Yaklaşık dört asır hâkimiyetimizde kalan Trablusgarp’ın (Libya’nın) 1911’de İtalyanlar tarafından işgal edilmesiyle bu vatan toprağı da elimizden çıktı. Üç kıtaya yayılan Osmanlı Devleti, Afrika’daki son serhaddini/kalesini/istinadgâhını öyle kolay terk etmedi. Libya halkıyla Türk yiğitleri kader birliği etti. Ancak mukadder olanın önünde durulamadı. Siyasi-diplomatik başarısızlıklar, hatalar da eklenince Ekim 1912’de Lozan’da imzalanan Uşi Antlaşması’yla Osmanlı Devleti, Trablusgarp ve Bingazi’ye özerklik verip askerlerini bu topraklardan çekmek zorunda kaldı. Bu Libya’nın İtalya’ya teslimi demekti. Balkan Savaşları ve ardından gelen Birinci Cihan Harbi’nin sonucunda ise devlet-i ebed-müddet-i Osmaniye artık münkariz olmuş, 1918’de Mondros Limanında düşmanları önünde diz çökmüştü. Libya’ya veda vakti geldi.

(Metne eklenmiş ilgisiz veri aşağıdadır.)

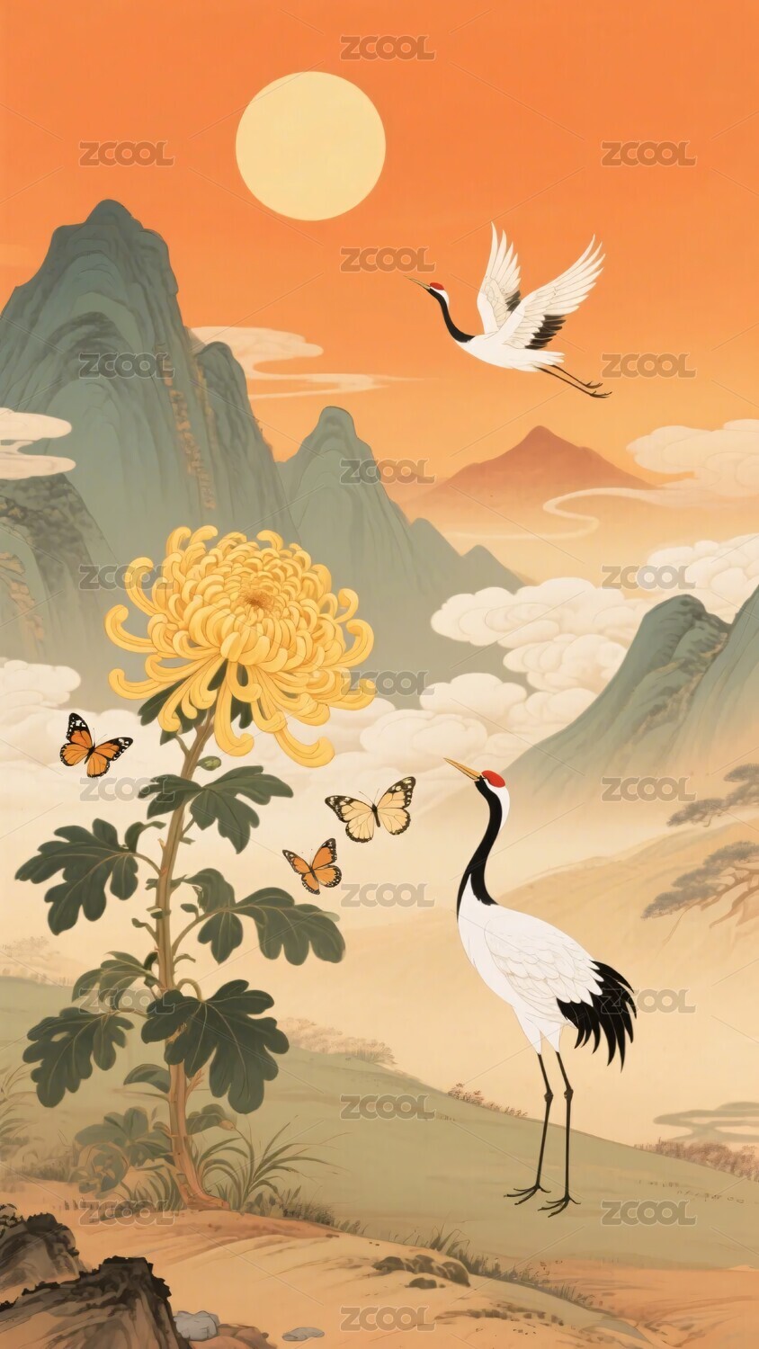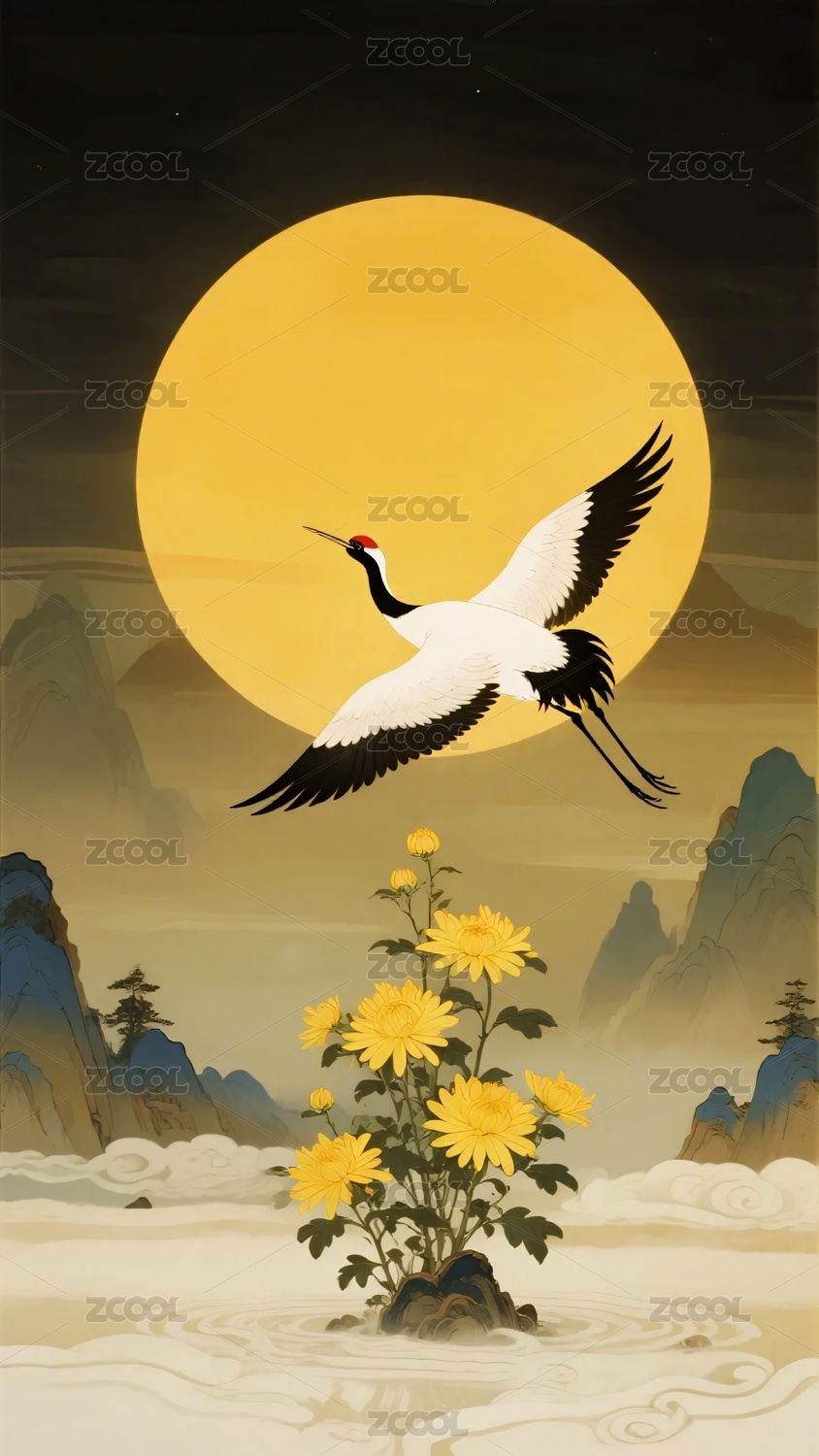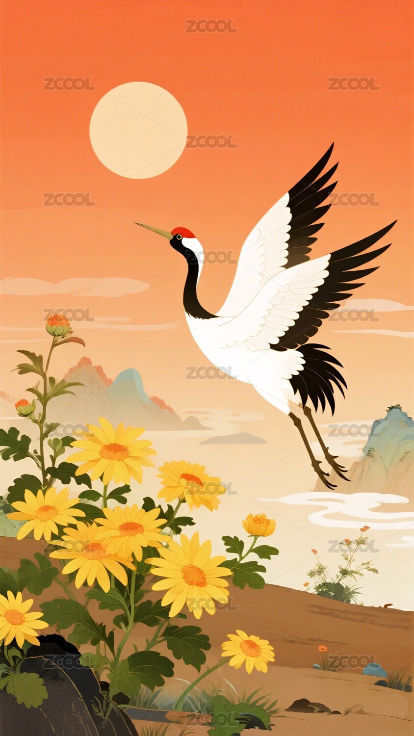 飞鹤,太阳,田野,菊花,山水,插画,风景,自然,元素,天空
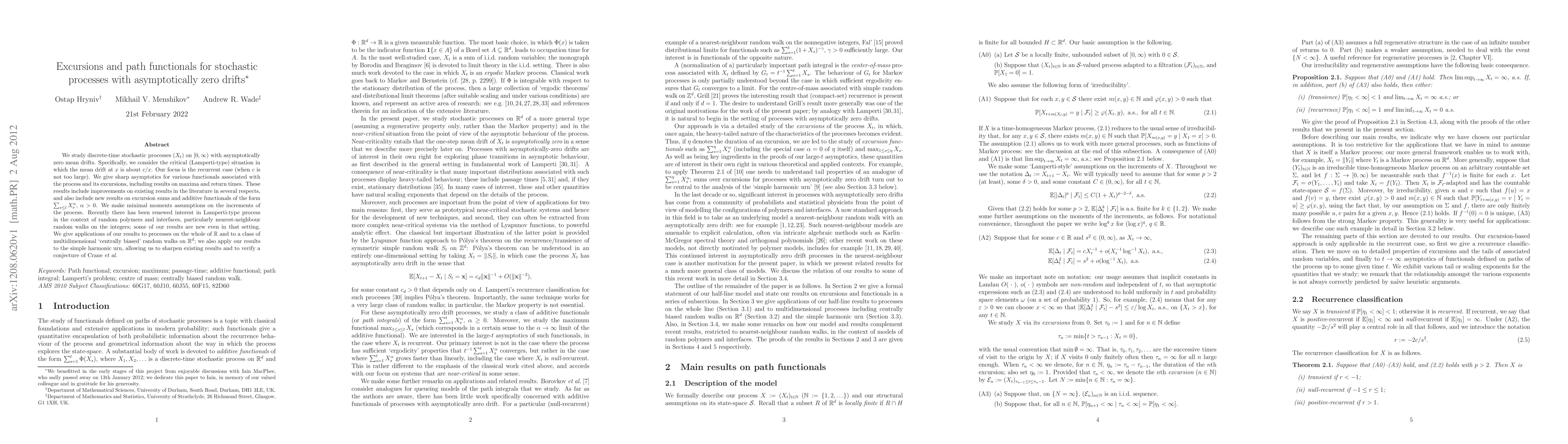 This paper investigates discrete-time stochastic processes with asymptotically zero mean drifts, focusing on Lamperti-type processes with mean drifts proportional to $c/x$. It provides sharp asymptotics for functionals related to the process and its excursions, including maxima and return times, and introduces new results on excursion sums and additive functionals. Applications extend to random polymers, interfaces, and multidimensional random walks.

Aradan yıllar geçti. İkinci Dünya Savaşı’nın ardından 1951’de galipler eliyle Libya’da Krallık kurulunca, Türkiye Cumhuriyeti ile Libya arasındaki ilişkiler uzun bir aradan sonra tekrar tesis edilmeye başlandı.  Bu minvalde 1953’te Trablus’ta Türkiye Cumhuriyeti Büyükelçiliği açıldı. 1954 yılında Libya Başbakanı, 1956 yılında ise bizzat Kral İdris es-Senûsî, Türkiye’ye resmi bir ziyaret gerçekleştirdi. 1957’de Başbakan Adnan Menderes buna mukabil iade-i ziyaret kapsamında Libya’ya gitti. 28 Ocak’ta başlayıp 2 Şubat’ta sona eren bu resmi ziyaret kapsamında Trablus ve Bingazi bölgesinde önemli görüşmeler ve seyahatler yapan Adnan Menderes,[1] Libya’nın eski Osmanlı valilerinin soyundan gelen, Karamanlı ailesinden Ali Karamanlı’yla da görüşmüştü. Başbakan onu Türkiye’ye davet etti. Muhtemelen Karamanlı Yusuf Paşa’nın küçük oğlu Ömer Bey ailesinden (Mahmud Bey’in oğlu?) olan Ali Karamanlı da bu davete icabet etmeyi gönülden istiyordu.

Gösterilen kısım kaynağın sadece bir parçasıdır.